High production, low maintenance wideouts

So many wide receivers today need to conjure up a dance or a corny routine in order to garner media attention. Even after making a simple first down, the truly self-centered divas have become their own endorsement-seeking public relations firms. Gaudy numbers really don’t tell the full story, or properly measure the true worth of just a few wide receivers who go about doing their work while putting the goals of the team before their own.

The short list of receivers who produce star-studded work without diva-like drama includes the following players:

Texans Titans Football

With a league-leading 800 yards on 54 catches this season, Houston's Andre Johnson is considered one of the best receivers in the NFL. (Wade Payne / Associated Press)

The quiet cool of Andre Johnson epitomizes the Latin phrase “Actum Non Verba”, which means “Actions not words.” Johnson is arguably the best wide receiver in the NFL. He is football’s equivalent of a five-tool player. Speed, size, quickness, the toughness to knife across the middle of NFL defenses and create yards after the catch, and finally the vertical jump and fly paper hands to consistently pluck the ball free from double coverage. Believe me, he is all of that and more. Like a quiet storm, Johnson leaves defensive coordinators quaking in fear of how he might wreck their game plans once he has blown through town. Rarely does a receiver collect 10 passes in a single game, but Johnson did it seven times last season and already three times in eight games in 2009.

His regal demeanor makes him a coach’s dream and the perfect teammate. If Johnson doesn’t experience postseason play before his career has come to an end, it would be as criminal as Stevie Wonder having never wrote his epic creation that is the award-winning album “Songs in the Key of Life.” We should all cheer for Johnson to be unleashed on to the NFL’s biggest stage and in its biggest games. If he is, then get ready to see something special.

The professional poise of Larry Fitzgerald has taken the league by storm. He shares his knowledge with other young receivers during his offseason workouts. Fitzgerald never complains to his quarterback about where the ball is or is not or who it is going too. His hard work is aimed to produce wins more than stats. We need more players in this league like Fitzgerald. As he continues to train and mentor other young wide receivers around the league, I’m sure his humble spirit will also be a shared resource.

The blue collar worker that is Hines Ward has made a Super Bowl MVP out of a receiver who entered the league as a special teams player.
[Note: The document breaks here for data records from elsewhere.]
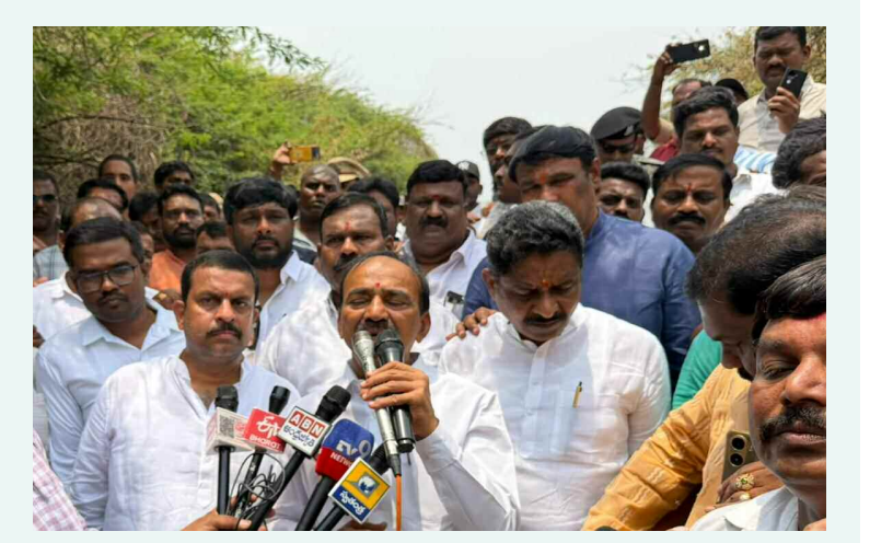
నిరుపేద ప్రజలకు ప్రభుత్వం ఇళ్ల స్థలాలు కేటాయించాలి
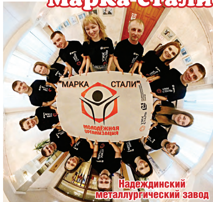
Надеждинский металлургический завод
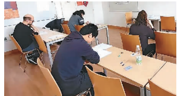
日前，奥地利维也纳大学孔子学院顺利举办2023年首场汉语水平考试，考生们参加了一级到六级的汉语水平考试以及汉语水平口语考试（初级）。图为考试现场。
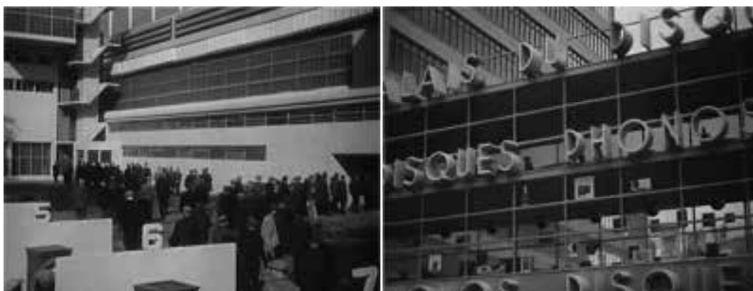
Ilustração 19 – Cenas do filme À Nous la Liberté! (Clair, 2007).

O cinema trás para a sua esfera cenográfica, influências da arquitectura marcada pela utilização do vidro como modo de fazer e de se expressar. A transparência é definida como matéria conceptual e técnica, que promove a inovação tanto na arquitectura como no cinema – contingência e cunho da modernidade do início do século XX.
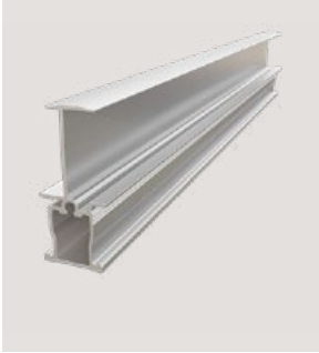
MSP-PR-IC 30, Art.-Nr. 22892

Verbesserte Dachästhetik dank geschlossener Modulfläche.
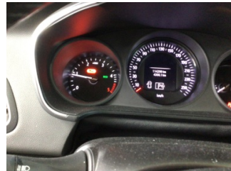
Motor, Bakım > Uyarı Lambası Yanıyor
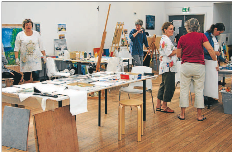
Læsø Sommerskole er en af de private foreninger, der gennem flere år har fået dispensation til at låne skolens samlingssal til kurser.

sen konstaterede, at der stort set var enighed i kommunalbestyrelsen - bortset fra formuleringen, som skal præciseres i social og kulturudvalget.
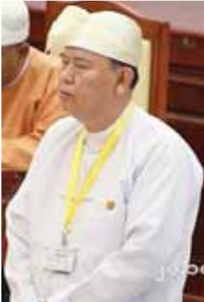
ဒုတိယဝန်ကြီး ဦးဝင်းမော်ထွန်း

ဆက်လက်၍ ဒုတိယဝန်ကြီးက လဟယ်မဲဆန္ဒနယ်မှ ဦးသက်နောင်၏
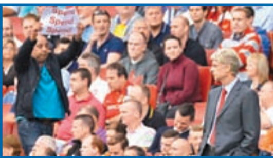
■阿仙奴球迷向領隊雲加(右)表達要花錢增兵的訴求。

阿仙奴想走出8年無冠的困境，坐擁8000萬英鎊擴軍預算，今夏卻只引入自由身的耶耶辛洛高，希古恩與古斯達等球星都拒絕加盟。上周末首輪英超聯賽，「兵工廠」更賠了夫人又折兵，今晚歐聯附加賽首回合分兵接戰土耳其勁旅費倫巴治，的確令人擔憂。(有線61台及201高清台周四凌晨2:45a.m.直播)
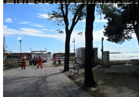
Qui siamo sul molo pontile. In alto: i tetti delle case. In basso: il molo pontile, con i tetti delle case in alto.
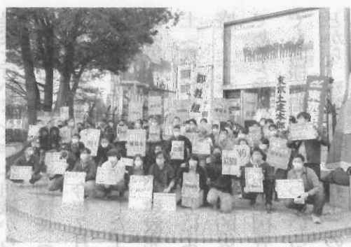
新宿駅東口で開催されました
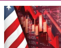
ମାସକରେ ବୁଡ଼ିଲାଣି ୨୮୨ ଲକ୍ଷ କୋଟି

■ ଖାଫିଂଟନ, ୨୧ମାର୍ଚ୍ଚ (ଏକେନ୍ଦ୍ରି): ଭାରତ ଆକ୍ରମଣ କରି ଆମେରିକା ରାଷ୍ଟ୍ରପତି ଡୋନାଲ୍ଡ ଟ୍ରମ୍ପ ପସି ଯାଇଛନ୍ତି। ଏହି ଯୁଦ୍ଧ ଟ୍ରମ୍ପଙ୍କୁ ବିଚଳିତ କରିଦେଇଛି। ବାରିପଦ୍ଧ ଯେଉଁ ହୋଇ ପଡ଼ିଥିବା ପୋଡ଼ୁସ ନିଜ ଦେଶର ଅର୍ଥିକ ସ୍ଥିତିକୁ ସମ୍ଭଳି ପାରୁନାହାନ୍ତି। ଲୋକପ୍ରିୟତା ହରାଇ ଚାଲିଥିବା ସତ୍ତ୍ୱେ ଟ୍ରମ୍ପ ଅନ୍ୟ ଦେଶକୁ ଧମକ ଦେଇ ଚାଲିଥିବାବେଳେ ଯୁଦ୍ଧ ପାଇଁ ଆମେରିକା ସେୟାର ବଜାର ଧରାଶାୟୀ ହୋଇଯାଇଛି। କୁମ୍ଭାଗତ ଚତୁର୍ଥ ସମ୍ବାହରେ ସେୟାର ବଜାରରେ ହ୍ରାସ ଦେଖା ଦେଇଛି। ଏସଏକ୍ସପି୫୦୦ ଇଣ୍ଡେକ୍ସ ଗତ ସମ୍ବାହରେ ୨.୫୦ ପ୍ରତିଶତରୁ ଅଧିକ ହ୍ରାସ ପାଇଛି। ଏହା ଦ୍ୱାରା ବଜାର ପୁଞ୍ଜି ୧ ଟ୍ରିଲିୟନ ଡଲାରରୁ ଅଧିକ ▶ପୃଷ୍ଠା-୭
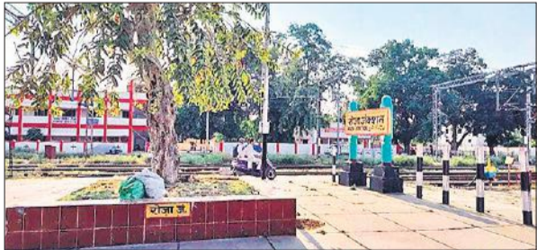
रोजा रेलवे स्टेशन।
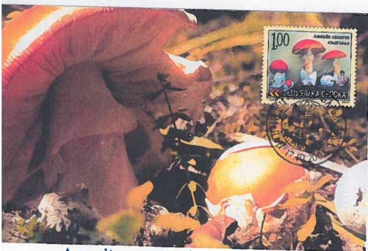
Amanita caesarea Serbie 2002
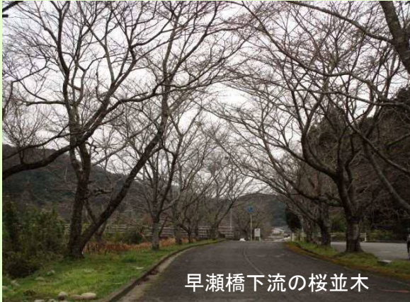
早瀬橋下流の桜並木
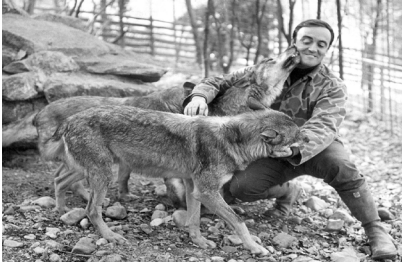
Félix Rodríguez de la Fuente- realizador de documentales para radio y televisión, destacando entre ellos la serie El Hombre y la Tierra [1974-1980].
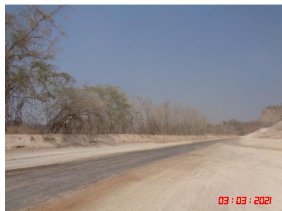
ถนนหินบดอัดแน่นบริเวณโรงม่หิน
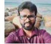
ஆனந்தன் பிரேம்நாந் லக்ஷி பண்ணை

பின்பு மூன்று அடி அகலத்துக்கு மேட்டுப்பாத்தி அமைக்க வேண்டும். பாத்தி
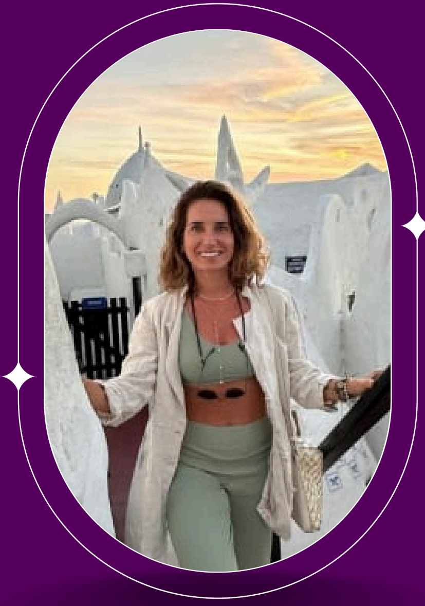
Mariana Geiger @mari_geiger
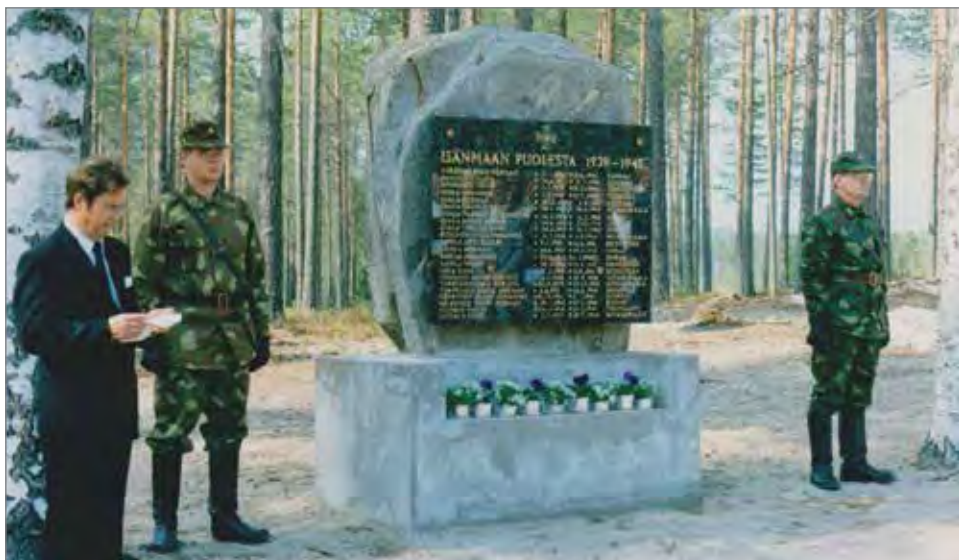
Jaurakkajärvellä on näyttävä muistomerkki.

Lisätietoja on kotisivuilla www.tammenlehva.fi
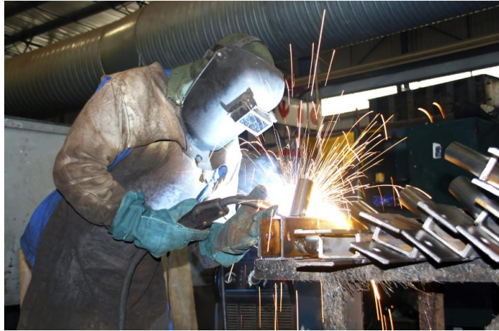
报告称，美国极度缺乏理工科技工 图为美国国防工业的一名焊工
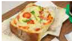
日替わりパンセット
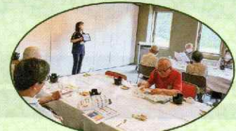
▲「日帰り温泉旅行」(東地区)
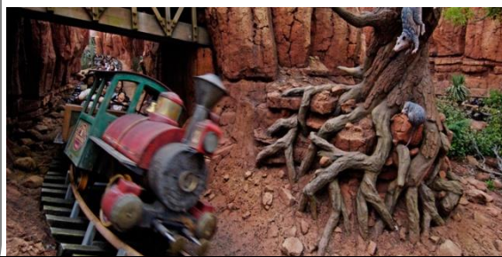
ビックサンダー・マウンテン
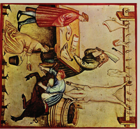
Praca rzeźników. Rycina średniowieczna.

Dokumenty wzmiankują, iż była ona wówczas siedzibą kasztelani, ośrodkiem Ziemi Sochaczewskiej, gdzie znajdował się tzw. kasztel, czyli gród o charakterze obronnym. W jego najbliższym sąsiedztwie wyrosła osada, zamieszkiwana przez ziemieśników i kupców, posiadająca także miejsce przeznaczone na targ. Wzniesiona na wznórzcu warownia pełniła między innymi funkcję tzw. refugium, czyli krótkotrwałego – z racji braku dostępu do wody – schronienia dla lokalnej ludności w razie najazdu.
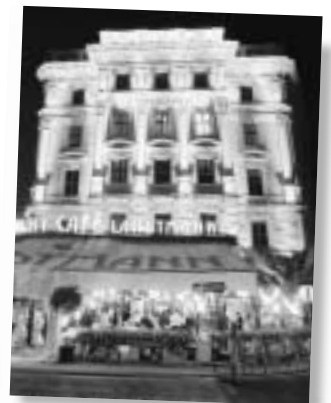
Mit Festbeleuchtung im Jahr 2002
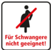
Für Schwangere nicht geeignet
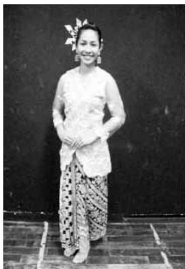
การแต่งกาย

จากนั้นออกแบบเครื่องแต่งกาย ผู้สร้างสรรค์คำนึงถึงจารีตการแต่งกายของชาวไทยมุสลิมภาคใต้เป็นหลัก เสื้อผ้าจะต้องปกปิดมิดชิด จึงออกแบบเสื้อผ้าเป็นชุดบานาง ตัดเย็บด้วยผ้าลูกไม้ นุ่งผ้าปาเต๊ะ เครื่องประดับใช้ดอกไม้ ปิ่นชมเป้ง ดอกลิลาวดี ต่างหู สร้อยคอ ดังรูป
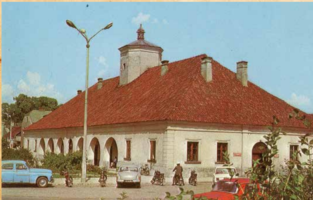
Lato na staszowskim Rynku pod koniec lat 70.
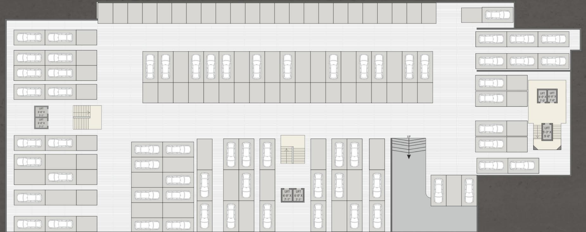
N BASEMENT 2
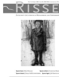
Heft 12 (Herbst 2003)
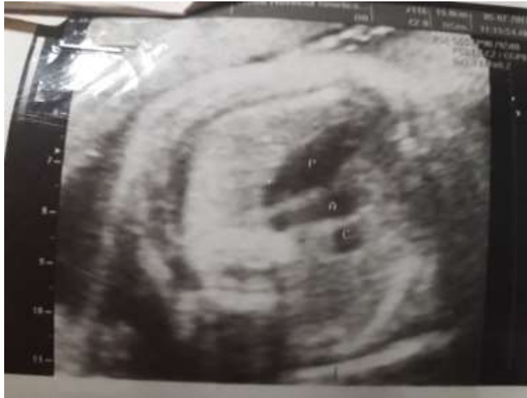
Figura 2. Imagen prenatal donde se observa cardiomegalia, por la relación aorto-cava se plantea isomerismo izquierdo, estenosis valvular aórtica.

Resultado de la biopsia de cuello uterino (en la madre del propósito): carcinoma epidermoide in situ de células grandes no queratizante por Virus del Papiloma Humano con marcada atipia coilocítica.
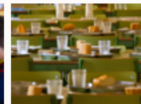
Educación para la salud
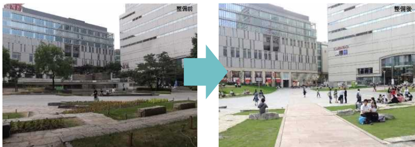
公園の整備前（左）、整備後（右）
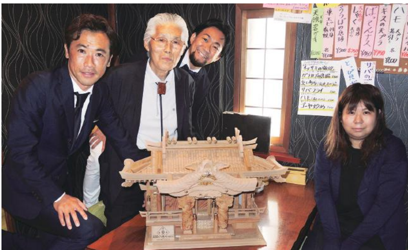
もぐり漁師の店 天草海士宴 〒860-0806 熊本市中央区花畑町13-17 西銀座通・甚兵衛ビルBF 藤田 俊哉・藤田 勲・西村 考広
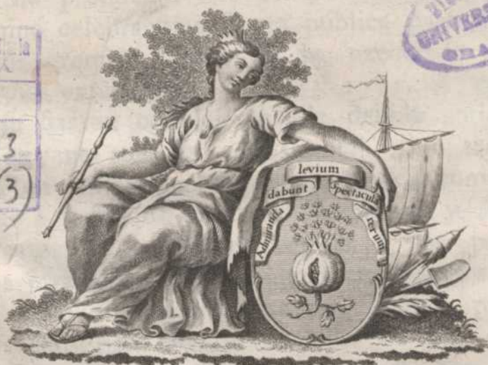
Grabado en Madrid por D. J. B. G.

MADRID MDCCLXXXIII. POR D. JOACHÍN IBARRA, IMPRESOR DE CÁMARA DE S. M. CON LAS LICENCIAS NECESARIAS.
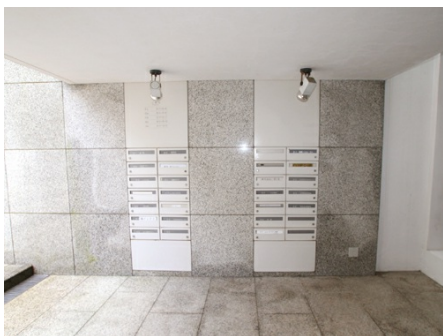
おしゃれな集合ポスト
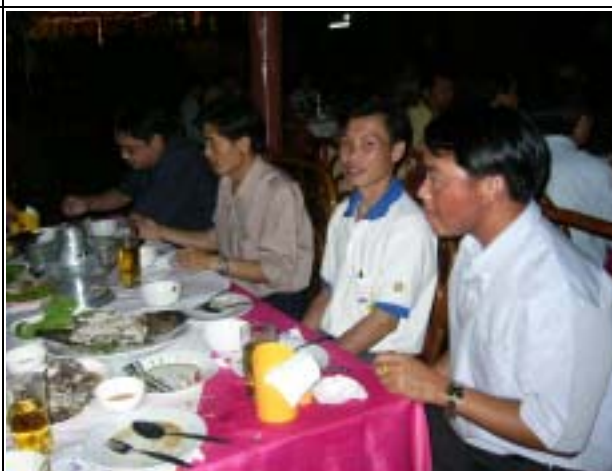
Photo-18 (July 23, 2004) Farewell party
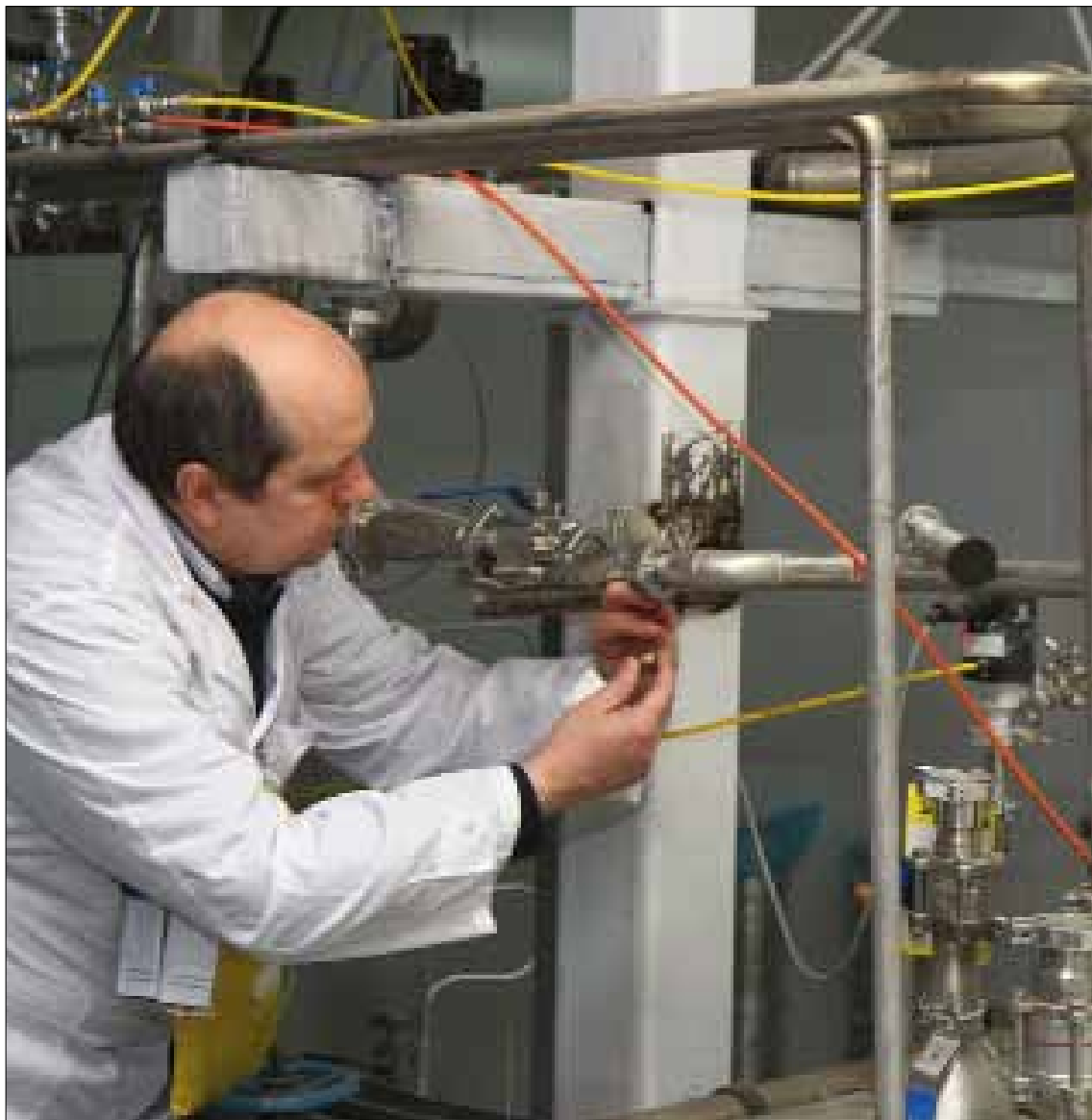
ستجري المفاوضات المقبلة بين إيران ومجموعة «1+5» في منتصف شباط المقبل

وكان الرئيس الأميركي قد قال خلال خطاب «حالة الاتحاد» أول من أمس، إن المفاوضات التي تجرى مع إيران بهدف ضمان عدم حصولها على السلاح النووي «ستكون صعبة» وقد تنتهي بالفشل، مضيفاً أن أميركا تدرك دور إيران في دعم «الجماعات الإرهابية» مثل حزب الله الذي «يهدد حلفاء» واشنطن. ورأى أوباما أن الضغوط الأميركية والدولية أتت إلى التوصل إلى اتفاق أولي في تشرين الثاني بين إيران والدول الست الكبرى (تضم كلاً من الولايات المتحدة وروسيا والصين وفرنسا وبريطانيا
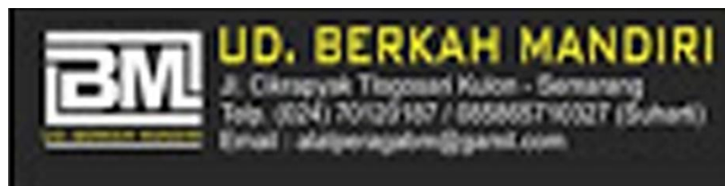
Gambar 2.10 : Logo Ud berkah mandiri
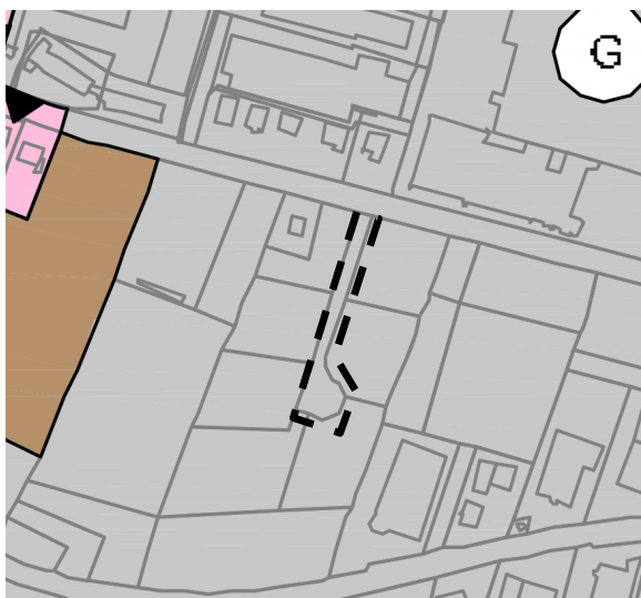
Ausschnitt aus dem geltenden FNP, o.M.

Aus der geltenden Landes- und Regionalplanung ergeben sich ebenfalls keine Einschränkungen für die Planung.
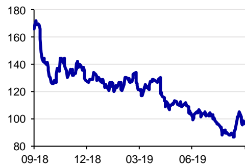
Danske Bankin osakekurssi 12 kk, DKK
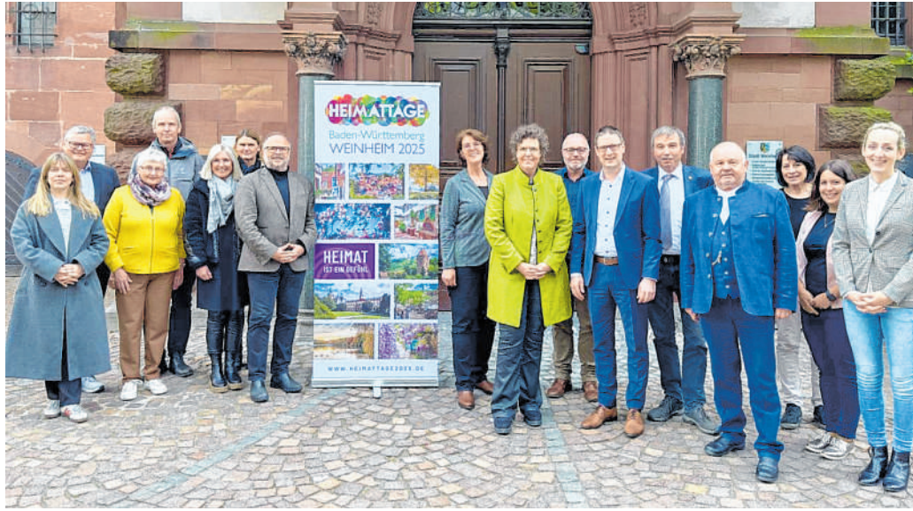
Landesausschuss Heimattage und Lenkungsausschuss tagten in Weinheim: Bereits jetzt schon sorgen die Heimattage im ganzen Land für großes Aufsehen.
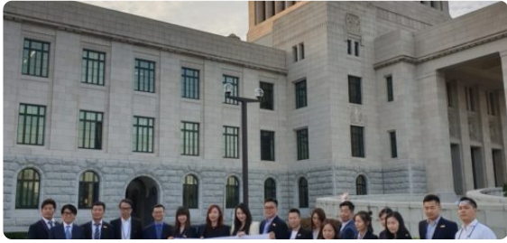
お知らせ / ニセコ不動産 / ルスツ不動産 / 北海道不動産 / 台湾事業進出 / 海外事業進出 / 留寿都不動産 / 紺野昌彦コラム / 経済ニュース / 香港事業進出 リレーチャイナ(Really China) 5 11月, 2019

Before Ward caught one ball in Pittsburgh, he had to cover kicks and participate in the Steelers’ dreaded training camp ritual as a tackler in the Oklahoma drill. No diva receiver could ever flourish in Pittsburgh. The blue collar fan base would never tolerate one of its star players not willing to do the dirty work.

I’ve always said that Ward plays the wide receiver position unlike anyone who has ever played the game. His head-knocking blocks have become his calling card for toughness and unselfishness. When you have passed both Hall of Famers Lynn Swann and John Stallworth in the record books, not many words are needed to declare your greatness.

The model of maturity shown by Reggie Wayne should never be understated. Wayne was mostly thought to be the Colts’ No. 2 receiver behind Marvin Harrison, but many NFL defenders will tell you that Peyton Manning has been playing with two No. 1’s for quite some time. Wayne has measured up to the demanding standards set by his quarterback and has achieved some eye-popping numbers in the process. He is a consistent and polished route runner. His five consecutive seasons with over 1,000 receiving yards should come as no surprise. No touchdown dance, no loud mouth proclamations of how good he is compared to others. Wayne simply speaks softly, but carries a big stick.